Including neutrinos, the Friedmann Equation becomes

$$ \begin{eqnarray} H(z)^2 & = & H_0^2 \Big[ (\Omega_c + \Omega_b) ( 1 + z)^3 + \Omega_\gamma ( 1 + z) ^4 \\ & + & \Omega_{DE} ( 1 + z)^{3(1+w)} + \Omega_k ( 1 + z) ^2 + \frac{\rho_{\nu, tot}(z)}{\rho_{crit,0}} \Big]. \end{eqnarray} $$

To solve for the energy density as a function of the scale factor (or redshift), we can solve for the energy density by the following expression for the energy density of a single neutrino species:

$$ \rho_\nu (T_\nu) = \frac{g}{(2\pi)^3} \int \frac{\sqrt{p^2 + m^2}}{e^{p/T_\nu} + 1} d^3 p. $$

The energy density critical is $4870$ Mev/m$^3$. Energy density of the single species can be written as function of scale factor by writing the temperature as a function of scale factor. $T$ is simply the expression shown below divided by a:

In equation 17, we can write $d^3p$ as $4\pi p^2 dp$ and $g=2$ for a neutrino species. Another thing to notice is that (17) is written in natural units where $c = h = k = 1$. I've tried to fix the units and no matter what I do, the density parameter of the neutrino species is always very small (order of $10^{-9}$) where it should be between 0.0013 and 0.007 from Ryden, Intro to Cosmology equation (7.54).

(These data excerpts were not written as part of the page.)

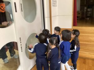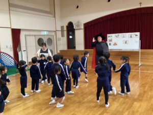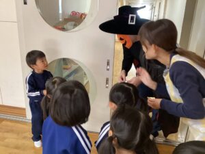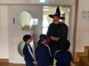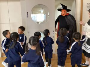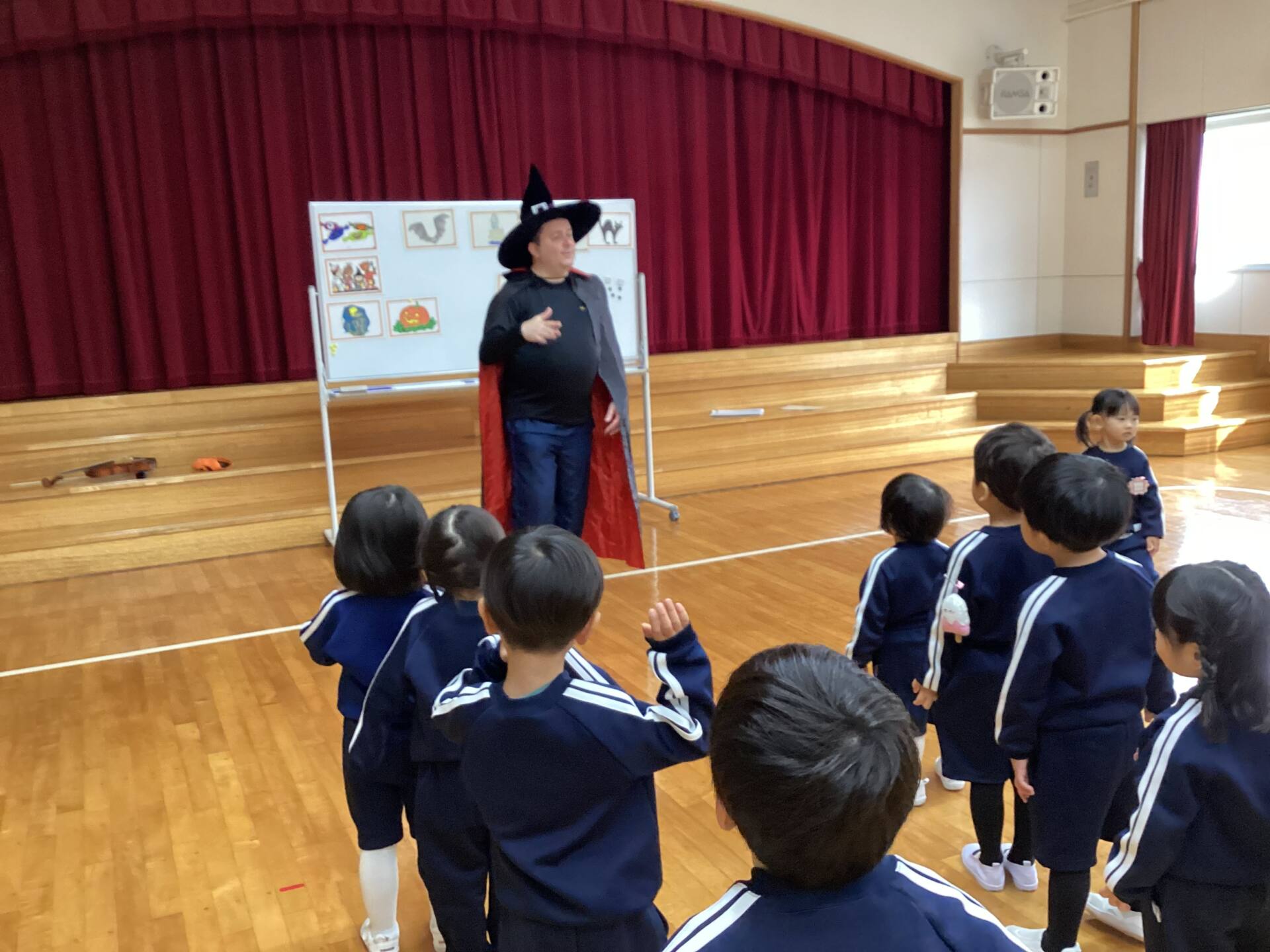 今日の英語あそびはハロウィンでした🎃面白おかしく教えてくださるトーマス先生に皆んなも笑顔で新しい単語
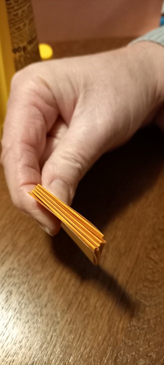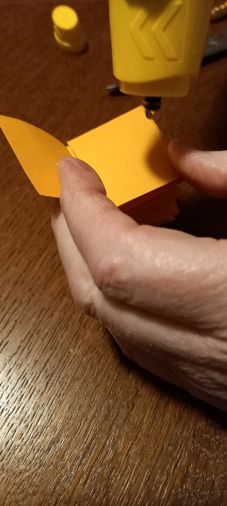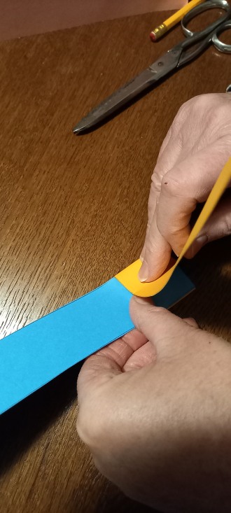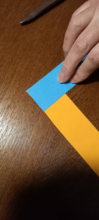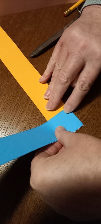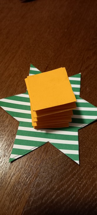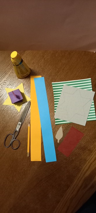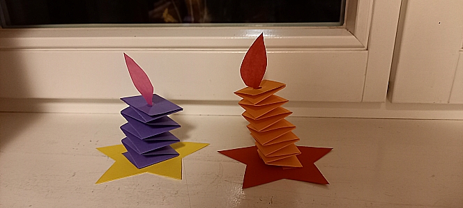 Mit zwei Papierstreifen Hexentreppe machen. Oben und unten zusammenkleben. Auf den Stern kleben. Flamme aus Transparentpapier schneiden, Flammenhals mittig auf die Kerze kleben.
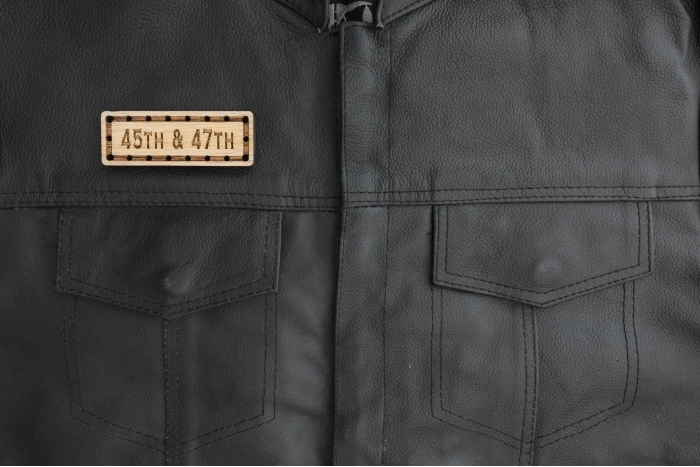 45th and 47th Solid Oak Laser Engraved Wooden Patch measures 3.5x1.25. Laser cut and engraved right here in Florida USA. We make these so you can decorate your motorcycle jacket by sewing on this wooden patch through the holes. This version is made out of quarter inch thick solid oak. You can also, at your own discretion, stick a peel and stick magnet on the back and use it as a fridge magnet. You can nail or glue it to a wall as decor. You can add a key ring to one of the corner holes and use it as a keychain.
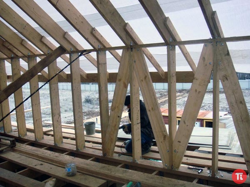 С внутренней стороны стропильного каркаса укладываем пароизоляцию, крепим ее скобами. Затем монтируется слой утеплителя, важно чтобы он плотно прилегал к стропилам, без щелей. На теплоизоляционный слой монтируем обрешетку с шагом 500 мм, которая будет фиксировать утеплитель. Строим мансарду своими руками, монтаж кровельного материала На обрешетку укладываем гидроизоляционный слой, который защитит деревянные элементы от влаги. На гидроизоляцию укладывается кровля. Строительство мансарды своими руками, видео материалы наглядно демонстрируют, как на практике правильно осуществить монтаж стропил.

I was really hoping someone can help me with the unit conversion from the natural units to the proper units. Everything else I've figured out, I just can't seem to fix the units for equation (17).

Without neutrinos, I get the following plot consisting of various universe models, and they are correct so coding is not the problem. The problem is the unit conversion to proper SI units of (17).

Once I get the neutrinos figured out, I want to see how they affect the universe models. Any help is greatly appreciated!

Answer 1

The energy density of a Fermi gas is $$\rho_{\nu}= \int \rho(p)\ dp = \int E(p)F(p)g(p)\ dp $$ $$\rho_{\nu} = \int \left(\sqrt{p^2 c^2 + m^2 c^4}\right)\left(\exp (E/k_BT) + 1\right)^{-1} \left(g_s 4\pi p^2/h^3\right)\ dp$$ in units of energy per unit volume.

Before neutrino decoupling at $k_B T \sim 1$ MeV, the neutrinos are ultrarelativistic with $pc \gg m_{\nu}c^2$. After decoupling, the shape of the occupation index function $F(p)$ does not change - so $F(p) = \left(pc/k_BT_{\nu} +1\right)^{-1}$ in subsequent evolution.

Thus $$\rho_{\nu} = \frac{g_s c}{h^3} \int \frac{ \sqrt{p^2 + m_{\nu}^2c^2}} {\exp(pc/k_BT_{\nu}) +1}\ 4\pi p^2\ dp$$

I don't understand where your $(2\pi)^3$ comes from, other than to suggest that the unit system is actually $\hbar = 1$.